Finetuning Video Diffusion Models for Multi-view Consistency
Fine-tuned a video diffusion model to generate multi-view consistent object renderings from single-view inputs. Demonstrated that a curated high-quality 1% subset (10K objects) of the Objaverse dataset achieved performance comparable to full-scale training. (1M+ objects).
Canvas - A Template for Deep Learning Projects
Designed a flexible deep learning project template using pytorch and hydra. The template is based on the agent-environment interface in RL and supports all kinds of machine learning tasks.

Hierarchical CLIP-based Image Geolocation Prediction
Trained a CLIP-inspired image geolocation model that predicts the precise location of an image taken anywhere on earth. Designed a novel inference approach based on hierarchical feature clustering which achieves comparable performance while being ~100x more efficient than previous methods.

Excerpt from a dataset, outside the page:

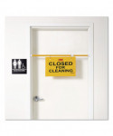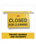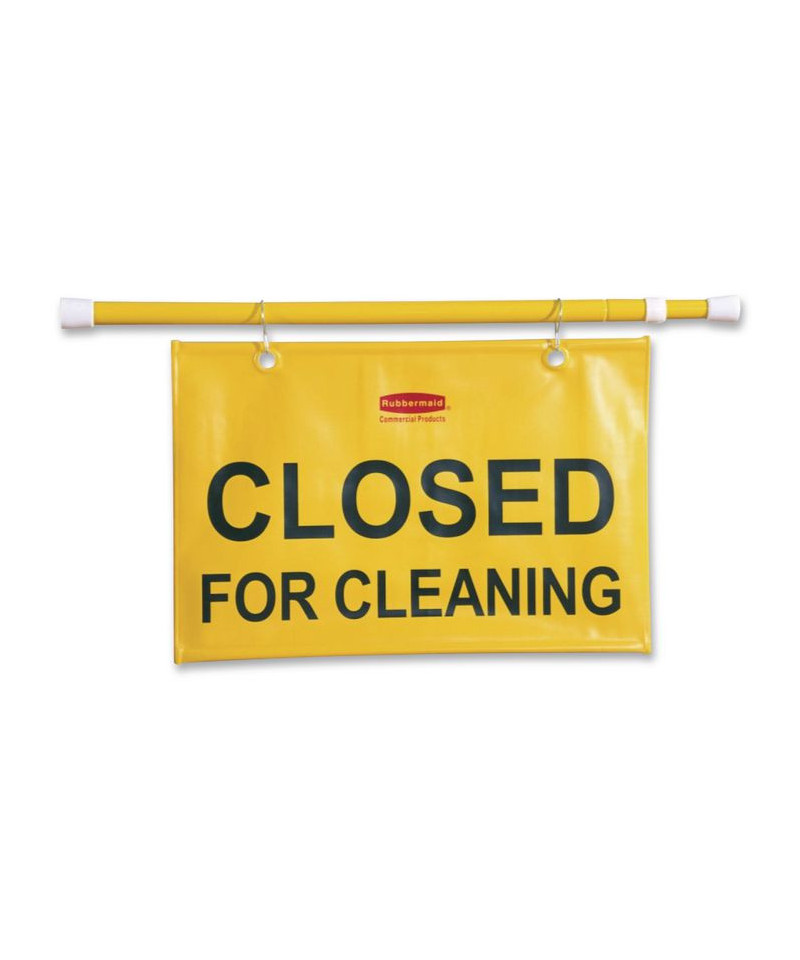 The Rubbermaid Commercial Hanging Safety Sign, "Closed for Cleaning" is mounted on a twist-action pole that extends up to 50" wide to prevent entry through even wide hospital doors. This safety sign is made of a soft, pliable material that rolls around the pole for easy storage when not in use. The color is both ANSI and OSHA-compliant.

Continual Learning for Policy Gradient Methods
Masters Capstone Project
Developed novel incremental learning algorithms to train reinforcment learning agents on a variety of real-world environments. Modified batch-wise policy gradient methods using eligibility traces to eliminate data buffers, particularly for long horizon tasks.

Solving Optimal Transport using Deep Neural Networks
Project under Prof. Augusto Gerolin, Undergraduate Thesis
Developed gradient-based DNN appoximators to solve the optimal transport problem for high-dimensional data. Aimed to study application of OT in Density Functional Theory (DFT) to study dissociation of atoms.